2. Five years ago the congregation was growing significantly and new staff were being added. However, two years ago growth leveled off and last year twenty-five members moved away for various reasons. The budget implications are severe and you cannot resource the current level of staff. So three staff people need to be released. However, to do this well requires some degree of severance pay. The bill for such severance is about $50,000. The congregation has already used up its reserves and only is managing to maintain services through a revolving line of credit with the bank. So the church board finds itself dealing with an unfunded liability in terms of current resources.

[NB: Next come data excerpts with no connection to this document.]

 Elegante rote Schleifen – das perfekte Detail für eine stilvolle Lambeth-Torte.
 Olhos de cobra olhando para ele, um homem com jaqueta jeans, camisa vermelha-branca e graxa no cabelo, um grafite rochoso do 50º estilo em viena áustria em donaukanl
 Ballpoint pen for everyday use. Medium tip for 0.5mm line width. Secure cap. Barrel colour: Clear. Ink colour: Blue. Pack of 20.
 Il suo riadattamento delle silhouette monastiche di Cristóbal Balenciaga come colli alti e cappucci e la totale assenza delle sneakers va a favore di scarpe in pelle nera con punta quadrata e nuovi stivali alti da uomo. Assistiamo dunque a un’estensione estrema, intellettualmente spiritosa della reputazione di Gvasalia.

3. Eight years ago the congregation built and occupied a new facility. However, during the intervening years no provision was made for depreciation or replacement of key systems such as heating and air conditioning or replacement of carpets or roof. Now for a variety of reasons the carpets need to be replaced and the air conditioning system has to be renewed. The costs total $250,000. The congregation is still repaying a million dollar mortgage and has no reserves. Here again is a kind of deferred liability.
4. Your congregation is in a smaller town dependent upon a single industry. Three years ago the company was booming and the this meant new people were moving in. The local church grew substantially and decided to build a new structure. They spent two million dollars doing this. Even though the congregation gave generously, there is an outstanding mortgage of $1,500,000. Last month the company announced that it was suspending operations because of a serious deterioration in its markets. Property values have tanked overnight. Ten families in the church have decided to move to other places for employment purposes. This means the weekly giving of the congregation will be affected seriously. Another eight families are giving this serious consideration. It is probable that within six months the congregation will be about 30% of its current size. Yet, the mortgage remains, largely unpaid. If the congregation dissolves, it will leave an unfunded liability of perhaps $1,000,000, unless the church property is sold at a much reduced value. Even then the proceeds may not cover the indebtedness.

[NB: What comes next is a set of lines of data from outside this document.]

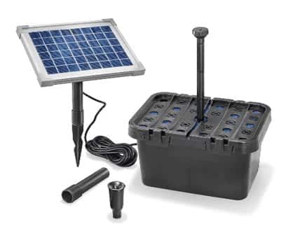This set comes with an included Solarshower 300 – Full pond filtration with no mains electricity required.
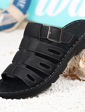 Sandali da uomo neri a punta aperta con fibbia regolabile, sandali da spiaggia leggeri e comodi, stile casual da resort per uomo, ideali per le vacanze, la piscina e l'uso quotidiano estivo.
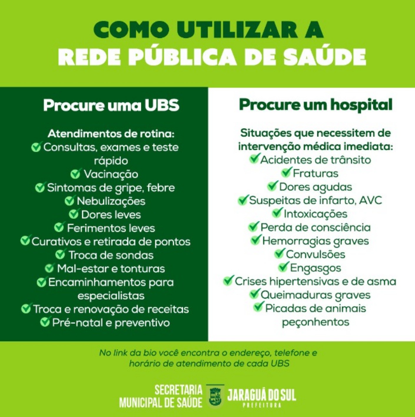 A Prefeitura de Jaraguá do Sul, por meio da Secretaria de Saúde, orienta os munícipes a buscarem atendimento nas unidades básicas (UBS), que estão com horário especial desde o dia 26 de dezembro de 2023 (ver locais e horários abaixo). Os postos de saúde com este esquema estão localizadas em pontos estratégicos do município, com o objetivo de facilitar o acesso à população.
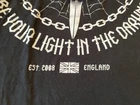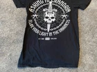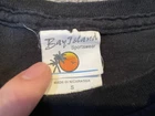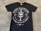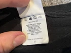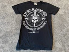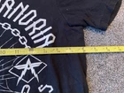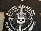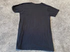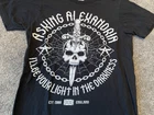 This black graphic print T-shirt is a must-have for any rock music fan. Featuring a crew neck and short sleeves, this knit shirt is made of cotton and is easy to care for with machine washing. The shirt is preshrunk and collarless, making it perfect for all seasons. The shirt is a limited edition piece from Bay Island and was manufactured in Nicaragua in the year 2000-2009. It features a classic retro look with a band logo from Asking Alexandria's 2008 tour in England. This T-shirt is perfect for any music lover who wants to show off their love for music and rock bands.

5. A church member who works with children’s ministry has been charged with child abuse because of an incident at a recent church event. The parents have brought a suit against the individual and the congregation for failing to provide a safe environment for their child. The church does not require children’s ministry volunteers to have a criminal records check completed before serving. The congregation is facing significant legal fees and damages of half a million dollars. The church board recently had debated the possibility of securing officers and workers liability insurance, but several board members had balked at the costs. So nothing was done. If the congregation loses the case, this will mean that the property must be sold to pay the costs. This is an unfunded liability.
Your congregation and church board may not face such situations. However, they do raise for you as chairperson several questions. First, what insurance coverage do you have that will cover possible unfunded liabilities (e.g. potential lawsuits, mortgage insurance)? Second, is your church board building any contingency funding into your annual budget? It is a good rule of thumb to try to develop a large enough contingency fund to cover two to three months of the current operational budget. This kind of cushion gives the board time during a crisis to make good decisions and seek effective alternatives. Third, does your church have any kind of replacement or depreciation fund? Or is the current congregation borrowing from future members in its use of the facility today? Most church boards operate with the perspective that when a significant facility need arises that they will go the congregation to raise the funds. However, this can place a huge burden on those people who just happen to be part of the congregation at that point in time. Would it not be fairer to have all the people using the facility contributing a small portion to replacement on an ongoing basis? If God sometimes provides during emergencies, surely we can trust him to supply financial in an ongoing manner. Fourth, from the standpoint of human resources have you done a calculation that determines what your financial responsibility to staff would be if you had to release half of them because of an unforeseen crisis? What kind of severance would be required? Having this knowledge might help you calculate the amount of contingency that you should be aiming to develop.